RECORDED INFORMATION:
------------------------------------

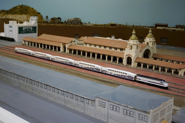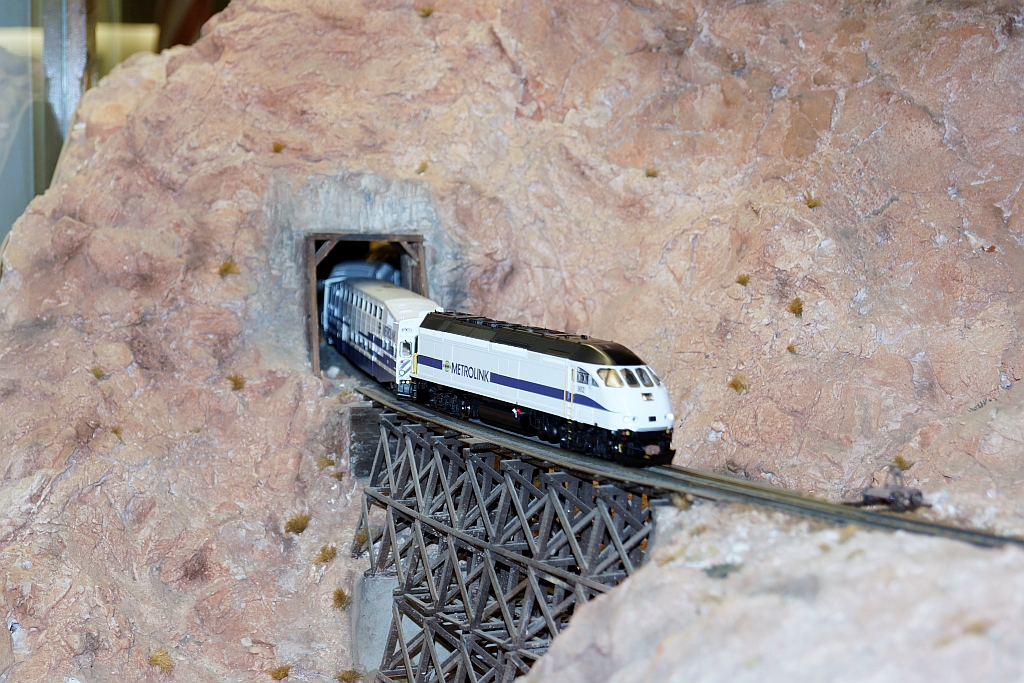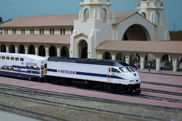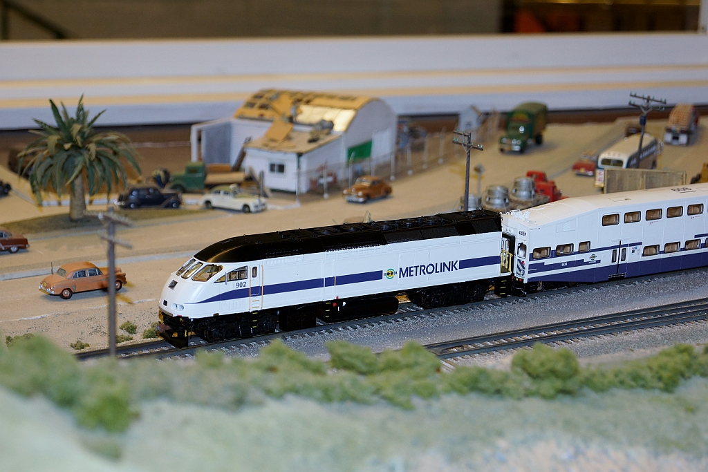 The San Diego Model Railroad Association was courteous enough to allow me to stop by on their monthly Sunday operating session/museum duty day. Prior to the the Model Railroad Museum opening, I was able to set up from the outside (visitor isles) to photograph the locomotive and Athearn Bombardier commuter cars at their model of the San Diego Santa Fe Depot.
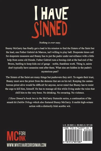 Nothing is ever easy. Bunny McGarry is a man on a mission. He left his life in Ireland behind to come to New York to find the woman he loves, who has a lot of very dangerous people looking for her. Unfortunately, Bunny doesn’t know where she is either and the only ones who might are a rogue order of nuns called The Sisters of the Saint who have raised not being found to the level of art form. Bunny’s one clue is a priest who he thinks might know something, but Father Gabriel de Marcos isn’t willing to play ball. The padre runs a boxing club at the bad end of the Bronx, battling to keep kids out of gangs – noble, thankless work. Thing is, saints don’t typically have assassins sent after them. What sins are hidden in the padre’s mysterious past? Bunny has no choice but to save Gabriel from the demons that are on his tail. He has to manage all this while living under the rules that chill him to the very bone. No drinking. No swearing. No violence. I Have Sinned is book two in the McGarry Stateside series, a continuation of the smash hit Dublin Trilogy which also featured Bunny McGarry. It melds high-octane action with a distinctly Irish acerbic wit.
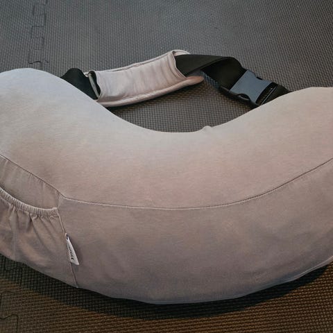 bbhugme® ammepute gir stabil og komfortabel støtte ved både amming og flaskemating. Den festes rundt livet for en ergonomisk posisjon, og reduserer belastning på nakke og skuldre. Puten er lett, justerbar og leveres med reisetrekk – perfekt både hjemme og på farten.
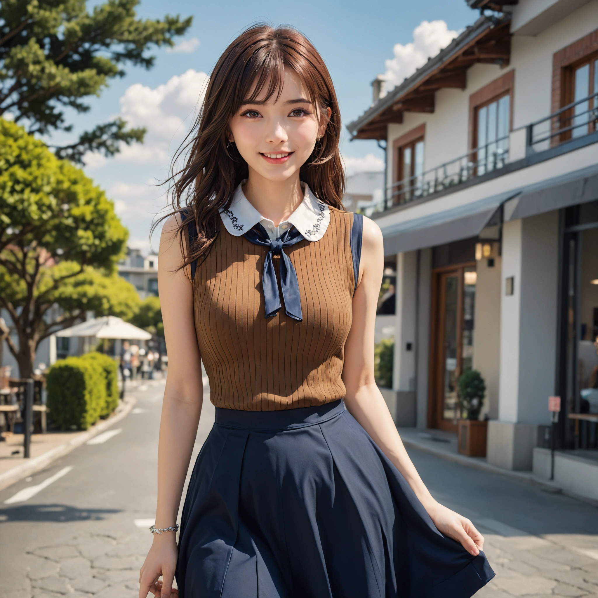 見てくれよ、この完璧なシチュエーション。 どんな美しい景色をバックにしても、彼女の輝く笑顔が一番に目に飛び込んでくる。 上品なブラウンとネイビーのコーデが、リゾート地の雰囲気に溶け込んでて、マジでオシャレだよな。

------------------------------------

An exact transcription is requested of each line from the one that holds "bbhugme® ammepute gir" to the end of the listing above, both boundary lines included; pictures are to be omitted.

RESPONSE:
 bbhugme® ammepute gir stabil og komfortabel støtte ved både amming og flaskemating. Den festes rundt livet for en ergonomisk posisjon, og reduserer belastning på nakke og skuldre. Puten er lett, justerbar og leveres med reisetrekk – perfekt både hjemme og på farten.
 見てくれよ、この完璧なシチュエーション。 どんな美しい景色をバックにしても、彼女の輝く笑顔が一番に目に飛び込んでくる。 上品なブラウンとネイビーのコーデが、リゾート地の雰囲気に溶け込んでて、マジでオシャレだよな。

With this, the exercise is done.